Demain, c’est le grand concours de déguisements à l’école. Et le thème, cette année : le monde sous-marin. Voilà Nathan bien préoccupé. D’accord, son costume de Capitaine Étoile-de-mer est prêt. Mais il ne se sent pas l’étoffe d’un héros, du tout même. Il a cette sensation désagréable, comme la veille de la course, quand il était sûr d’arriver dernier… Non décidément, Nathan n’est pas prêt. Il confie son secret aux cow-boys de son papier peint : maman sera-t-elle fâchée ?
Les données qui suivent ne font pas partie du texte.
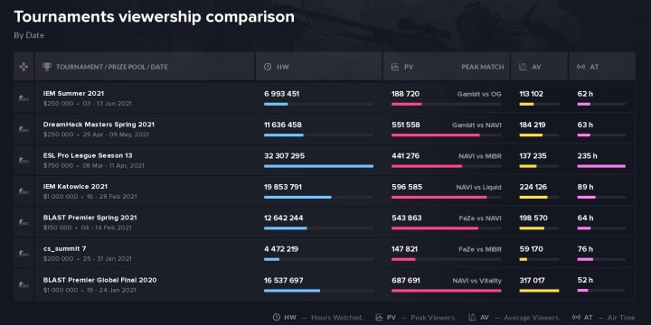 Mais malgré les popularité de nos représentants nationaux, cela n'a pas suffit pour rendre intéressant ces IEM XVI - Summer 2021. Depuis le début de l'année 2021 c'est second tournoi de premier plan le moins suivi. Il faut remonter au mois de janvier 2021 et au cs_summit 7 pour voir des audiences plus faibles. D'ailleurs à titre de comparaison, l'ESL organisait également la DreamHack Masters Spring en mai 2021 et cette dernière, avec un nombre d'heures de diffusion équivalent, a rassemblé en moyenne 70 000 téléspectateurs de plus. Les récentes finales de la BLAST Premier: Spring Finals 2021 devrait réussir à rehausser le niveau, principalement parce qu'elles ont vu de beaux duels entre des formations russophones, notamment la grande finale opposant les Natus Vincere aux Gambit Esports (12-16 Dust2 / 11-16 Mirage). De plus traditionnellement le circuit BLAST rassemble plus de passionnés de Counter-Strike. L'Electronic Sports League devra donc tirer les leçons de cette contre-performance, son championnat étant moins apprécié, peut-être aussi moins lisible, et il aura pêché par son absence de grande confrontation entre formations brésiliennes (absentes) et russophones (elles ne se sont jamais croisées sauf en poule le duel entre la Team Spirit et les Virtus.pro). Autre comparaison qu'il est possible de faire avec la DreamHack Masters Spring, le nombre d'heures passées à regarder le show qui s'élève à seulement 6 993 451 heures pour ces IEM Summer, contre presque le double lors de la DreamHack (11 636 458 heures).
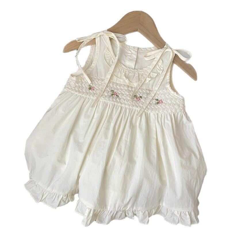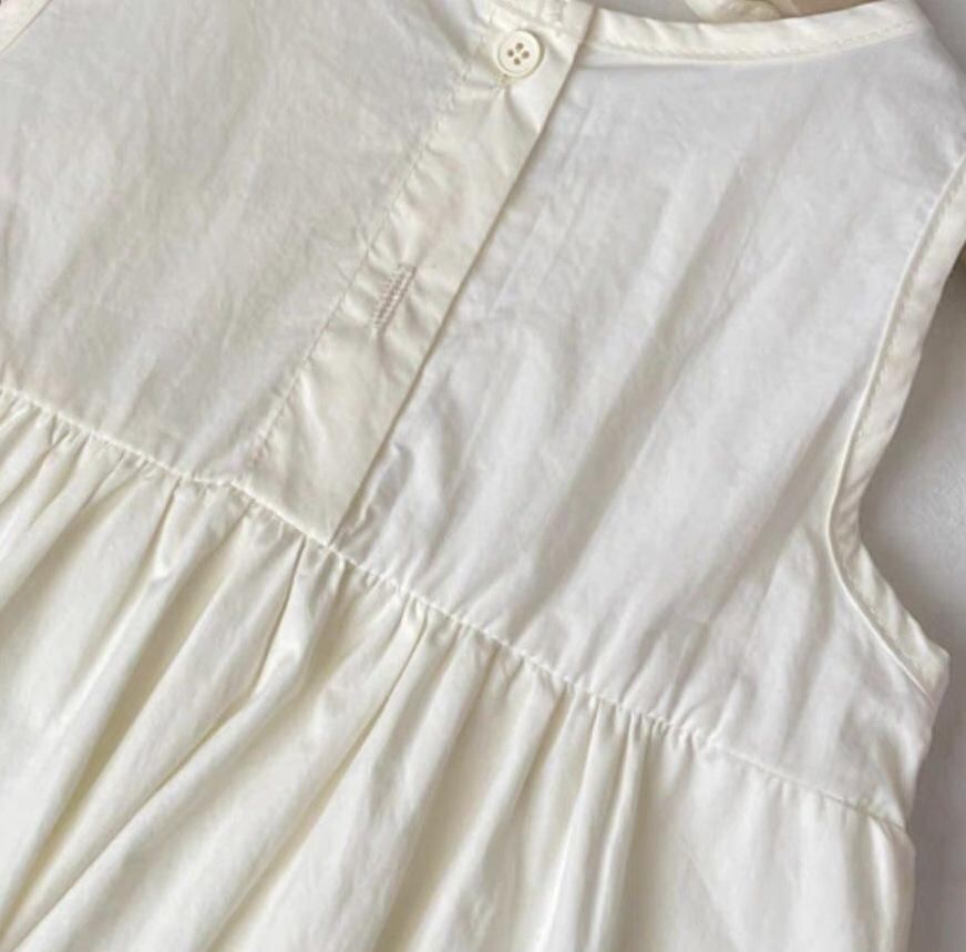 ワンピース キッズ 女の子 花柄 ノースリーブ 子供服 背心裙 Aライン フリル かわいい 綿 夏 ベージュ

« Un loup au paradis », Dedieu

Loupi ne se sent pas comme les autres. Dans son clan règne la violence et la compétition. C'est celui des loups. Il est d'ailleurs le descendant d'une grande lignée des plus féroces d'entre eux. Lui, n'a d'yeux que pour les moutons. Il aime leur caractère paisible et rêve de faire partie du troupeau plutôt que de la meute. Chaque jour, il fait un pas de plus vers eux. Pas facile quand on a de grandes oreilles et de grandes dents de gagner la confiance des moutons. Pour ça, il doit cesser de hurler et se mettre à bêler, changer son alimentation, bref, ne plus être tout à fait lui-même. Une fable sur l'identité. Ou comment rentrer dans le rang des moutons quand on est un loup plein de dents!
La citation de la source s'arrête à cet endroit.